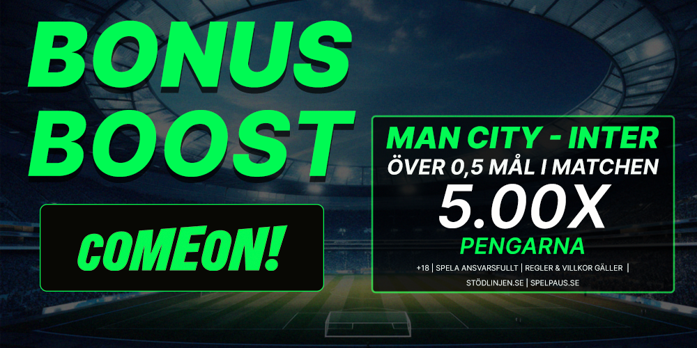 ComeOn erbjuder nya kunder en Bonus Boost där nya kunder får fem gånger pengarna på över 0.5 mål i matchen. Blir det alltså ett enda mål i matchen så går spelet in!
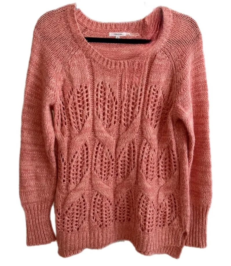 Maurices Pink Knit Scoop Neck Textured Raglan Sleeve Sweater Size Large Pit to Pit: 21” relaxed / 2... Show more
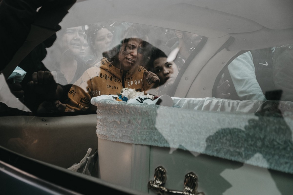 Συγγενείς του 16χρονου Κώστα Φραγκούλη, που έπεσε νεκρός από πυρά αστυνομικού, ακουμπούν στη νεκροφόρα κατά τη διάρκεια της κηδείας (15.12.2022)
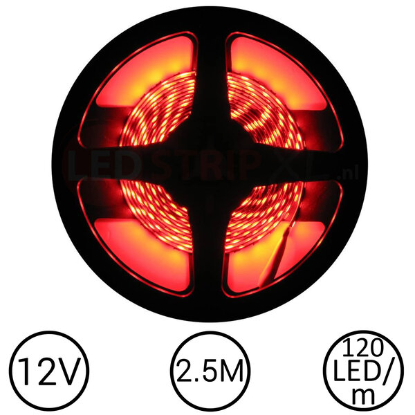 LEDStrip Rood 2,5 Meter 120 LED per meter 12 Volt
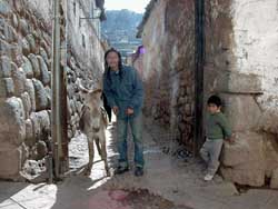 k日記ペルー編 2000.3.25(日) 風邪でダウンしていた旅人がリマに向けて出発するのを見送る。「今度は、アフリカで会いましょう」と手を振って出ていった。彼、アフリカに行ったら、今よりさらに黒くなってて、腰蓑一枚で歩いてたりして。それで「うめさん、久しぶり!!」なんて声掛けられたら、私達、引いちゃうよねぇ・・・なんて悪い想像をしてしまった。でも、本当にまた会えるといいなぁ。 兼ねてからNAOツアーのホームページを作る約束をしていて、やっとこできがったので見せに行く。奥さんに見せると、なかなか、喜んでくれた。気に入らなかったらどうしようかと思ったが、つくったカイがあったのだ。 結局、NAOツアーでご飯を頂き、酒まで頂き話しに花が咲く。いつも、いつも、ご馳走になってしまって、ありがたいことです。感謝、感謝。 |
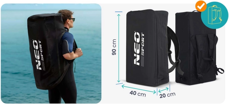 Tout est inclus : pagaie réglable, dérive amovible, leash, pompe double action avec manomètre, kit de réparation et sac à dos robuste. Il suffit de gonfler et de partir.
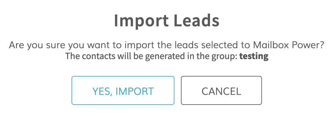 Confirm the action by clicking Yes, Import. If no group is selected, leads go to All Contacts.
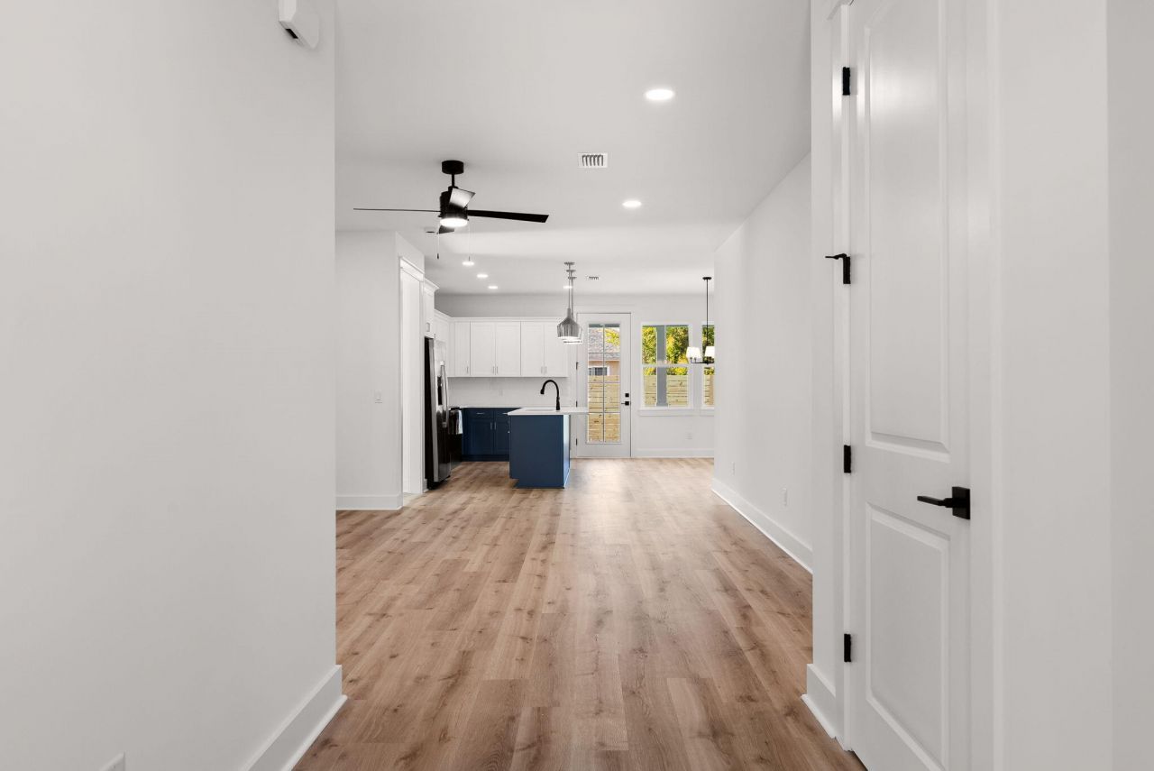 Just completed in 2025, 515 Pine Tree Drive offers 4 bedrooms, 2 bathrooms, and 1,750 sq ft of coastal style, perfect for full-time living, a beach getaway, or a short-term rental. Inside, enjoy 8' doors, wide-plank flooring, and recessed lighting throughout an open layout. The kitchen impresses with a quartz island, two-tone navy and white cabinetry, stainless appliances, and pendant lighting. Both bathrooms feature quartz countertops and a spa-style frameless glass shower. Outside, a covered patio and privacy-fenced backyard round out this move-in-ready, zero-maintenance new build minutes from everything Panama City Beach has to offer.

============================================================

▶ _Exercise_
Hand back the data above exactly, leaving out all pictures.

▶ _Solution to the problem_
 ComeOn erbjuder nya kunder en Bonus Boost där nya kunder får fem gånger pengarna på över 0.5 mål i matchen. Blir det alltså ett enda mål i matchen så går spelet in!
 Maurices Pink Knit Scoop Neck Textured Raglan Sleeve Sweater Size Large Pit to Pit: 21” relaxed / 2... Show more
 Συγγενείς του 16χρονου Κώστα Φραγκούλη, που έπεσε νεκρός από πυρά αστυνομικού, ακουμπούν στη νεκροφόρα κατά τη διάρκεια της κηδείας (15.12.2022)
 LEDStrip Rood 2,5 Meter 120 LED per meter 12 Volt
 k日記ペルー編 2000.3.25(日) 風邪でダウンしていた旅人がリマに向けて出発するのを見送る。「今度は、アフリカで会いましょう」と手を振って出ていった。彼、アフリカに行ったら、今よりさらに黒くなってて、腰蓑一枚で歩いてたりして。それで「うめさん、久しぶり!!」なんて声掛けられたら、私達、引いちゃうよねぇ・・・なんて悪い想像をしてしまった。でも、本当にまた会えるといいなぁ。 兼ねてからNAOツアーのホームページを作る約束をしていて、やっとこできがったので見せに行く。奥さんに見せると、なかなか、喜んでくれた。気に入らなかったらどうしようかと思ったが、つくったカイがあったのだ。 結局、NAOツアーでご飯を頂き、酒まで頂き話しに花が咲く。いつも、いつも、ご馳走になってしまって、ありがたいことです。感謝、感謝。 |
 Tout est inclus : pagaie réglable, dérive amovible, leash, pompe double action avec manomètre, kit de réparation et sac à dos robuste. Il suffit de gonfler et de partir.
 Confirm the action by clicking Yes, Import. If no group is selected, leads go to All Contacts.
 Just completed in 2025, 515 Pine Tree Drive offers 4 bedrooms, 2 bathrooms, and 1,750 sq ft of coastal style, perfect for full-time living, a beach getaway, or a short-term rental. Inside, enjoy 8' doors, wide-plank flooring, and recessed lighting throughout an open layout. The kitchen impresses with a quartz island, two-tone navy and white cabinetry, stainless appliances, and pendant lighting. Both bathrooms feature quartz countertops and a spa-style frameless glass shower. Outside, a covered patio and privacy-fenced backyard round out this move-in-ready, zero-maintenance new build minutes from everything Panama City Beach has to offer.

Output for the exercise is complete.